1) Se fizermos um comparativo entre os dois acontecimentos de violência e invasão da Vila Cruzeiro e do Complexo do Alemão em 2007 com este agora em 2010, penso que houve uma efetivação de estratégias de “inteligência” para a tomada do “território”. Um dos pontos-chave no programa de segurança pública do estado é, supostamente, o da realização de ações sem um lastro de sangue em proporções extremas, ante o medo generalizado de que novamente inocentes, moradores dessas comunidades, fossem vítimas de uma ação imediatista. Caso provavelmente dos inúmeros transeuntes da Av. Brás de Pina e ruas adjacentes, que estão mais expostas, com uma frequência maior, ao risco de troca de tiros. Na segunda-feira (22), meu irmão e todos os que estavam na rua tiveram, por exemplo, que correr para dentro das lojas no comércio local para se protegerem;

2) A estruturação e disponibilização do Hospital Getúlio Vargas, um hospital de emergência, para o socorro das possíveis vítimas. Essa foi uma medida de responsabilidade da Secretaria de Saúde do Estado, em parceria com a do município do RJ. Fora isso, conta-se a disponibilidade de 10 leitos na Unidade de Pronto Atendimento (UPA) - Penha, atrás do mesmo hospital e o hospital de campanha feito na PAM de Del Castilho;

3) A união das polícias Militar, Civil, Rodoviária Federal, acrescidas da Polícia Federal e da logistítica, primeiramente, oferecida pela Marinha, após o desabafo em entrevista de Beltrame, quanto à posição do Exército, que posteriormente se soma à tarefa, conjuntamente com a Aeronáutica.


“Hoje estou pessimista, amanhã otimista” – a Vila Cruzeiro vista do lado de cá

Em 2007, estávamos às vésperas do PAN-07; hoje estamos a caminho dos eventos da Copa do Mundo de 2014 e das Olimpíadas de 2016. Eventos que podem ser ameaçados pela onda de violência, muito embora os responsáveis da Comissão Organizadora dizem que não há esse risco. Mas a mídia internacional mostra-se atenta a todos esses fatos.

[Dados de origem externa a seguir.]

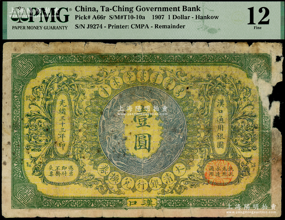 光绪三十三年(1907年)大清银行兑换券壹圆,汉口地名,4位数号码券,正面纹饰及蟠龙图为蓝灰色,有破损,PMG 12 FINE
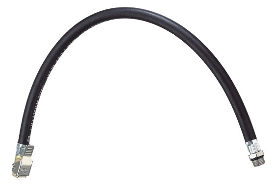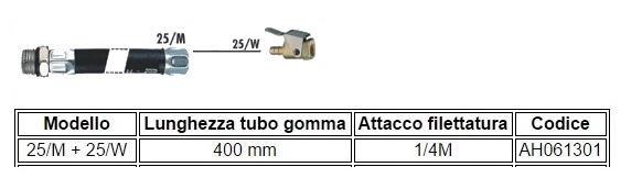Tubo gomma con testina di gonfiaggio ottonata. Leva in acciaio nichelato. Raccordo filettato maschio 1/4".

Também é recorrente a fala de inúmeros especialistas e acadêmicos - sociólogos, antropólogos, historiadores, criminalistas e políticos -, que são procurados pelas mídias para análise e comentários sobre toda essa bárbarie e violência agudizada que vem se abatendo sobre o Rio de Janeiro. Por enquanto, não tive a oportunidade ainda de ouvir nenhum assistente social, pesquisador ou mesmo de base, dar a sua contribuição a respeito nessa discussão.

Em meio ao conjunto de opiniões e depoimentos, gostei muito do posicionamento crítico de Luiz Eduardo Soares*, em seu blog, quanto ao assédio da mídia na cobertura de mais essa onda de violência pela cidade. O seu artigo chama-se A crise no Rio e o pastiche midiático”,postado no dia 25 de novembro de 2010.

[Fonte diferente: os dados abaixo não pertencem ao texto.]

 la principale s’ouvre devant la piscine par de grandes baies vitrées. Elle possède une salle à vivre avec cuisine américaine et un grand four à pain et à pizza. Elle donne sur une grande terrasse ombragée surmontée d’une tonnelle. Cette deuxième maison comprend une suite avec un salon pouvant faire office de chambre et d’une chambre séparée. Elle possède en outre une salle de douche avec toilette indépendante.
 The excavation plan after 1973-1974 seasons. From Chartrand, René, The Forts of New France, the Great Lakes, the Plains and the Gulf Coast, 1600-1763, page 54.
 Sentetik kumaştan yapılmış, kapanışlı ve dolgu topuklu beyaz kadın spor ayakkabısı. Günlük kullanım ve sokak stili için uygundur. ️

Entretanto, em uma entrevista, na segunda-feira (22), a Thiago Camelo, do Instituto Ciência Hoje, que sairá na primeira edição da Revista Ciência Hoje, em 2011, em que Luiz Eduardo Soares fala de sua obra literária, nesse bate-papo, o caso dos ataques no Rio de Janeiro foi tratado e está on-line. A pergunta virou título: O tráfico já era?

Sinto e vejo em meus familiares, amigos e vizinhos mais próximos, apreensão, mais o forte desejo de que tudo isto acabe da forma mais humanizada possível. Vou fazer um empréstimo de uma frase de Milton Santos, no documentário de Sílvio Tendler, “O mundo global visto do lado de cá”, transmitido pela TV SESC no domingo passado: “Hoje estou pessimista, amanhã otimista”.

Ontem fui ao centro comercial da Penha, na Av. Brás de Pina, via principal do bairro e olhei com muita tristeza os acessos à Vila Cruzeiro, ao Santuário da Penha e ao Parque Shanghaí, principalmente, quando um comboio da Polícia Civil passava em direção à comunidade invadida.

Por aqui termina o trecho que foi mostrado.